The comic was able to achieve widespread popularity and commercial success while also fighting against some of the Orientalist and stereotypical tropes of a Middle Eastern or Muslim character in American comics and media at-large.

Much of that success had to do with the team behind the character: G Willow Wilson, the original writer for the series, who is Muslim, and Sana Amanat, one of the creators who shared Khan's Muslim and Pakistani-American background.

After Wilson left the series, Saladin Ahmed, an award-winning Arab-American science fiction and comic book writer, took over to write for the series. And most recently, the series has been written by young adult author Samira Ahmed.

Now, as the comic book series awaits the release of its live-action debut for Disney+, the character faces its biggest test yet. Will it stay true to what made the comic so popular?

The show was written by Bisha K Ali, a British-Pakistani screenwriter and comedian, and was directed by Belgian-Moroccans Adil El Arbi and Bilall Fallah, who are best known for directing the third installment of the Bad Boys franchise with Will Smith and Martin Lawrence.

Questions over superhero powers 

The television series has already faced some serious concerns from fans after it was revealed that the superhero's powers would be changed.

In the comics, Khan gains her powers after being exposed to a cloud of Terrigen Mists, allowing the achievement of her superhuman powers. She then gains polymorphing abilities, or "embiggening" as she likes to call it (an ode to a joke made on the popular television show The Simpsons).

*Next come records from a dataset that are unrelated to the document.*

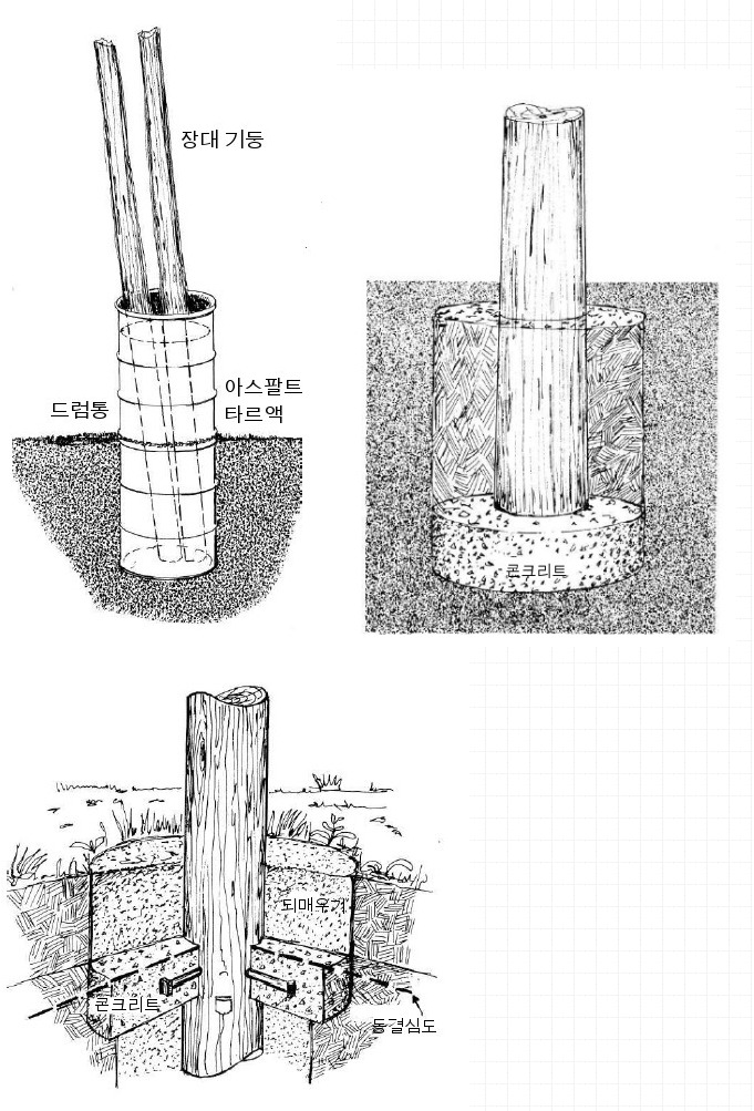가장 많은 질문 중의 하나는 땅 속에 박아 넣은 장대기둥의 부식 문제입니다. 그러나 장대기둥은 아스팔트 타르액에 충분히 담궈 처리하면 45~50년 이상 버틸 수 있다고 합니다.
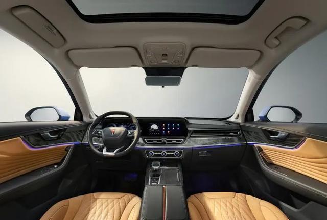 外观设前脸梯形大尺寸进气格栅,配粗壮镀铬饰条,彰显力量。尺寸:长5190mm、宽1905mm、高1835mm,轴距3140mm。车内软皮包裹,舒适度高,配悬浮液晶仪表及12.3英寸中控屏,含互联、车联网等功能,保留实体键增实用。
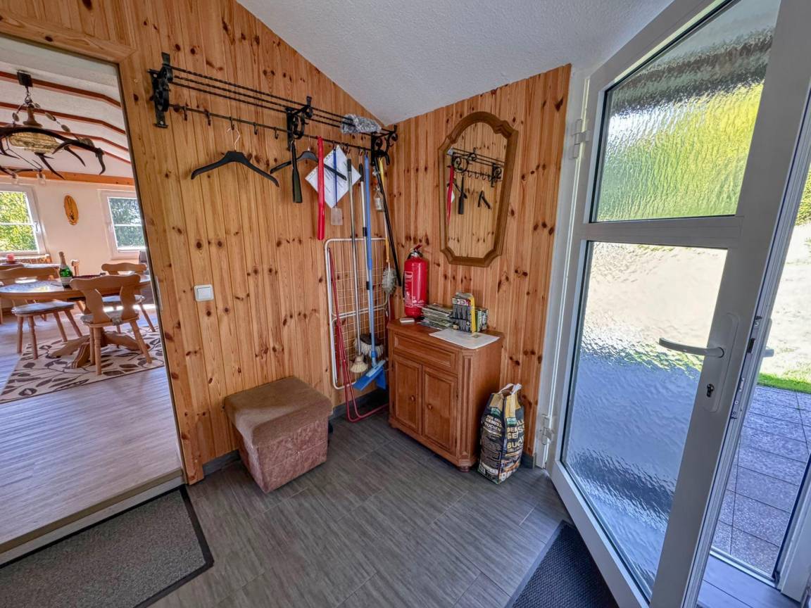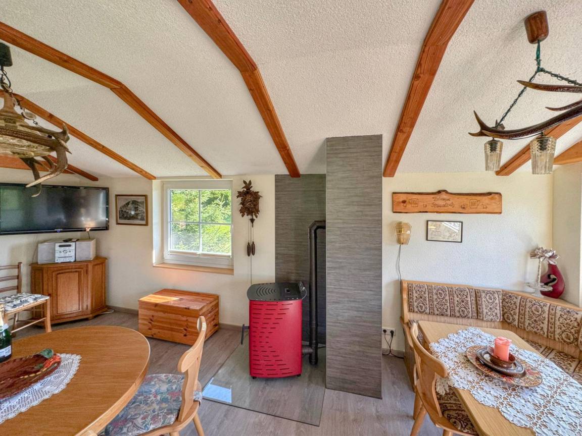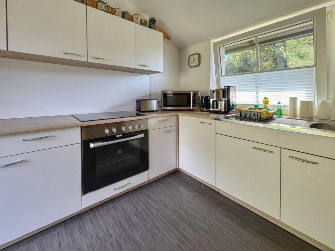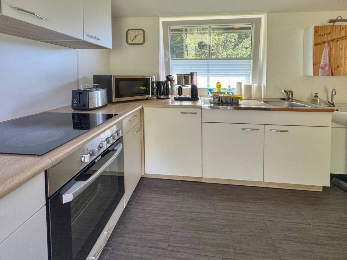 In der 1. Etage: Wohnzimmer mit Doppelschlafcouch, TV(Flatscreen), Esstisch, Ofen(Pellet-Holzofen ), Radio , Küche mit Wasserkocher, Toaster, Kochherd(3 Kochplatten), Dunstabzugshaube, Kaffeemaschine(Filter), Backofen, Mikrowelle, Kühlschrank(+ Gefrierfach)
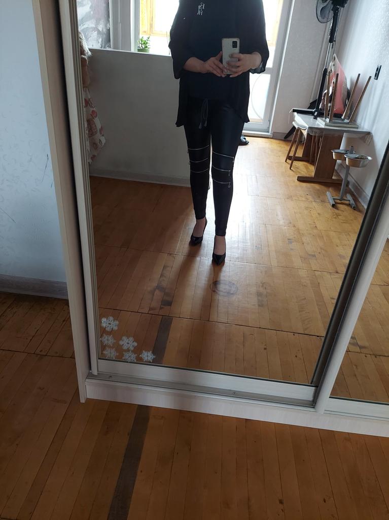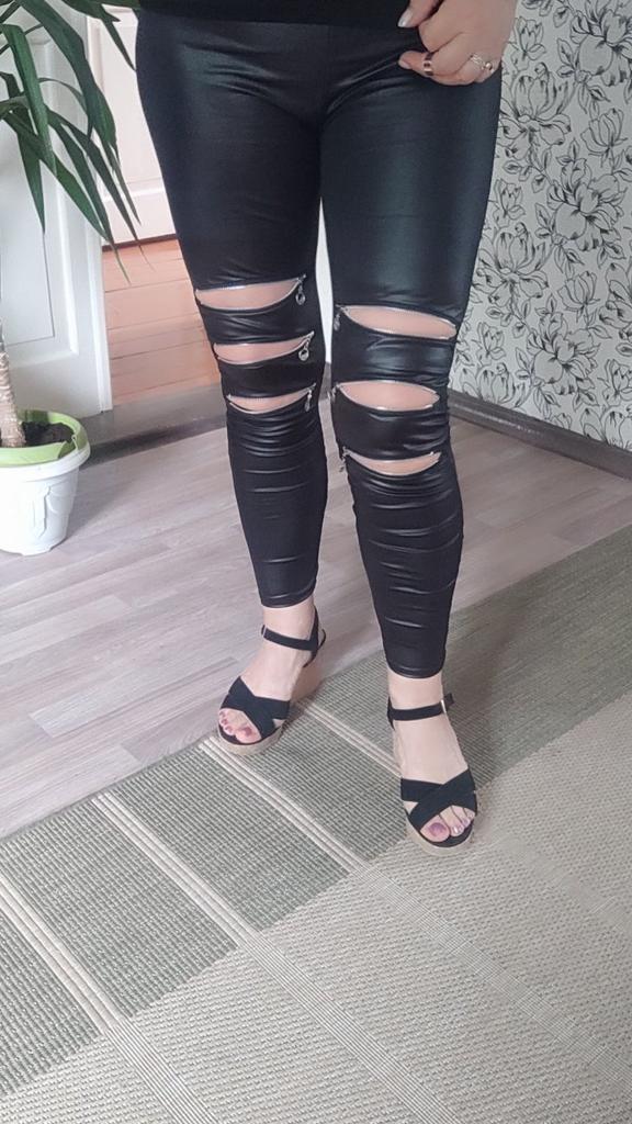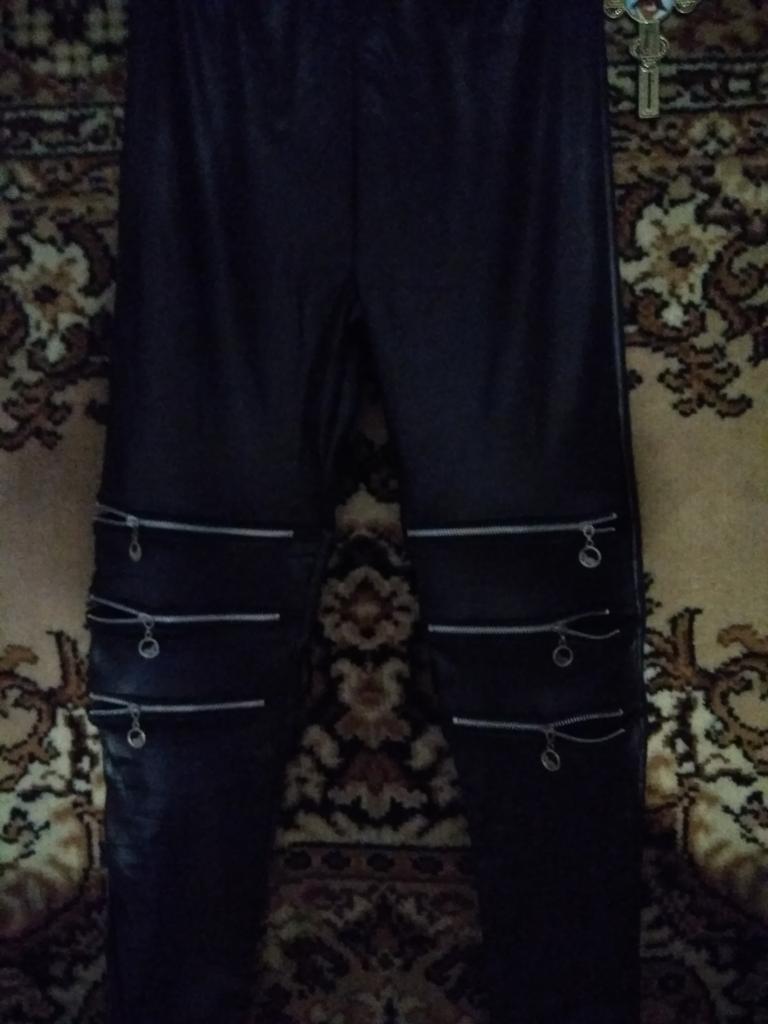 Pentru bani sunt complet multumit. Se potrivesc bine pe talie de 78 și șolduri de 100, se întind. Țesătura este artificială, de parcă ar fi sub piele. Există mici defecte, dar nu critice.
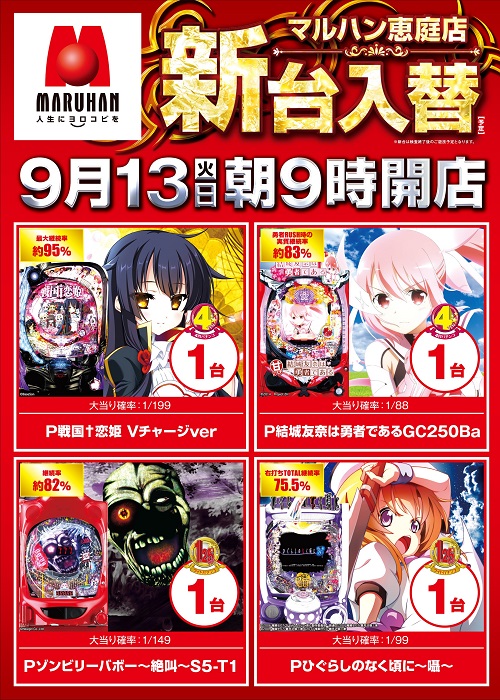 9月13日(火)新台入替★9時開店
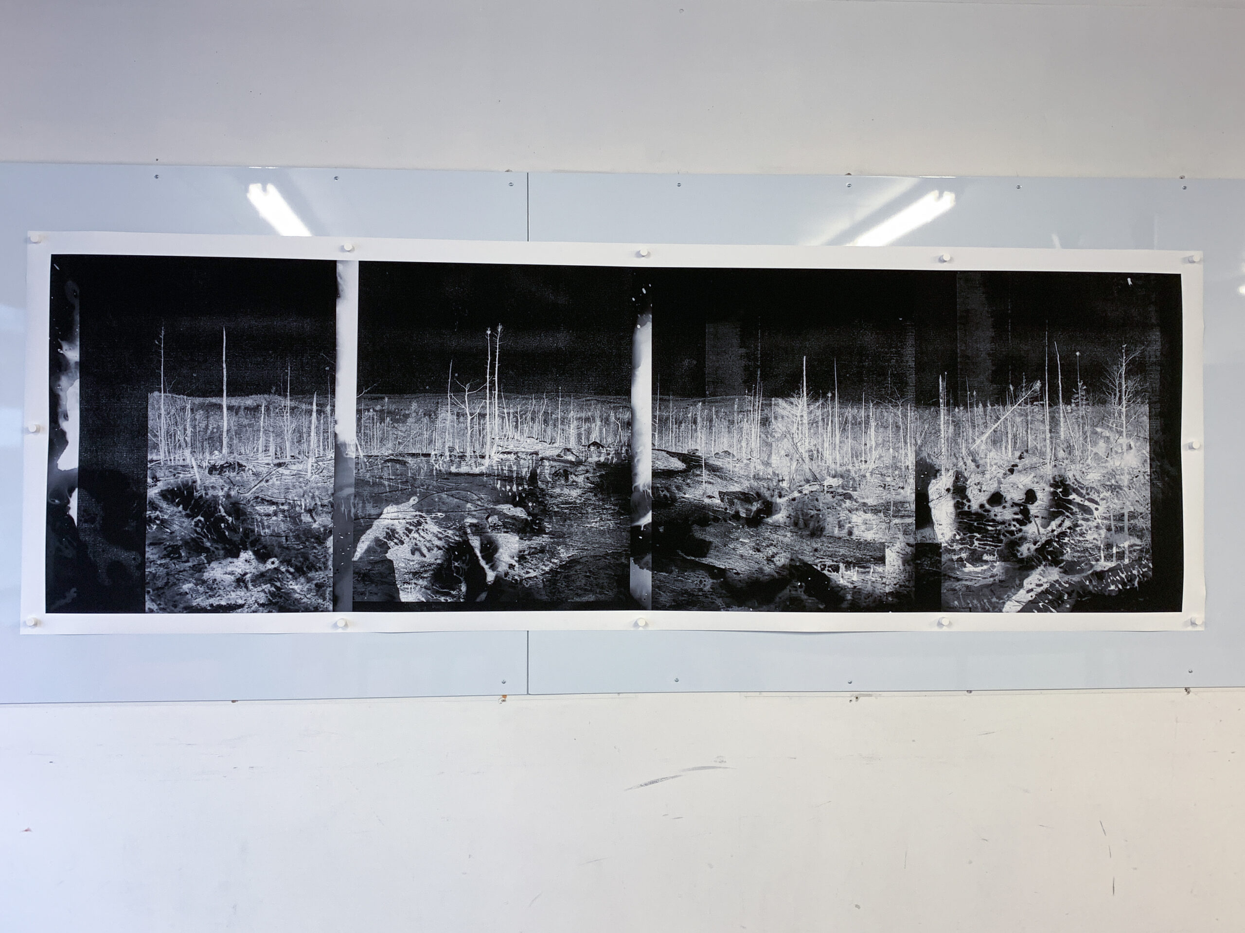 Mnikwaqnik is a striking black-and-white giclée landscape print that documents the aftermath of the 2025 wildfire in the Birch Cove Lakes Wilderness Area. Using a combination of digital and large-format photography, Williams travelled on-site to capture the decimated tree line. The result is four gelatin silver contact prints—which were then inverted, printed, and reassembled to form a seamless, haunting panorama. The piece transforms a once lively vista into a dystopian landscape, drawing awareness to the increasing frequency of wildfires, and human impact on the natural world. By layering and stitching the images, Williams emphasizes the textures, contrasts, and lingering presence of the affected wilderness, inviting viewers to witness a space caught between devastation and regeneration.
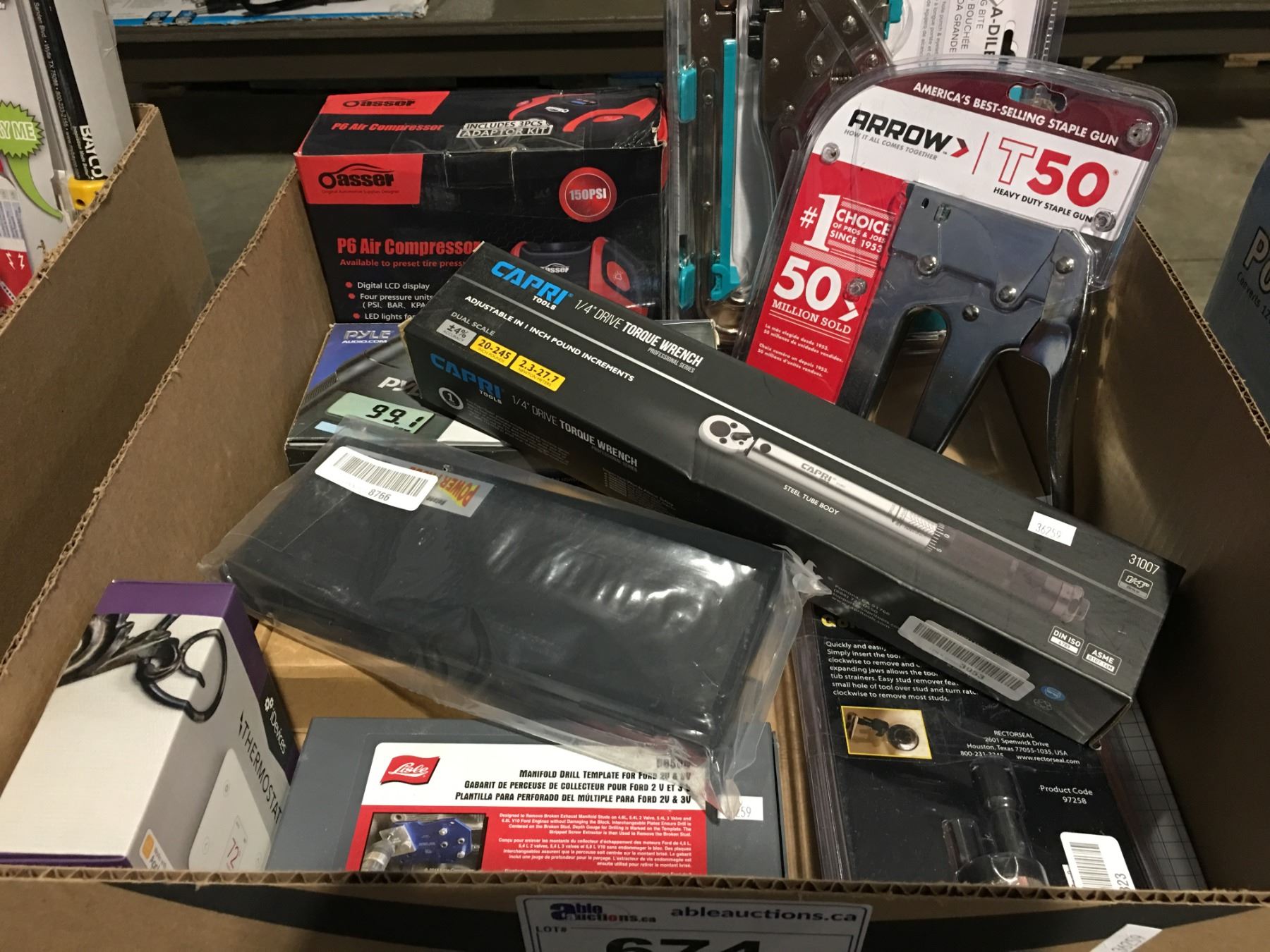 ONE BOX ASSORTED HAND TOOLS & ACCESSORIES

She also has an accelerated healing power similar to that of Wolverine, another Marvel superhero.

However, in the trailer it appeared that her powers come rather from a bracelet she is shown to be wearing, which generates a purple energy around her fist.

Some social media users have speculated that the powers could be similar to that of Green Lantern, a DC Comics character who receives his abilities from a ring that allows him to conjure constructs.

The change, if confirmed, would be a stark alteration to the origins of Khan's powers which creator G Willow Wilson used as a metaphor for the physical, emotional, and social changes a teenager goes through on their journey to adulthood.

Still, many fans are still waiting for the full series later this year before offering up judgements.

"My big worry about the Ms Marvel show (apart from the power change affecting the comics) is that if comic fans reject the show, Disney see it more as 'people aren't interested in a Muslim hero' rather than 'people aren't interested in Muslim heros being fundamentally altered," one social media user wrote, voicing their fears about how the show will be percieved.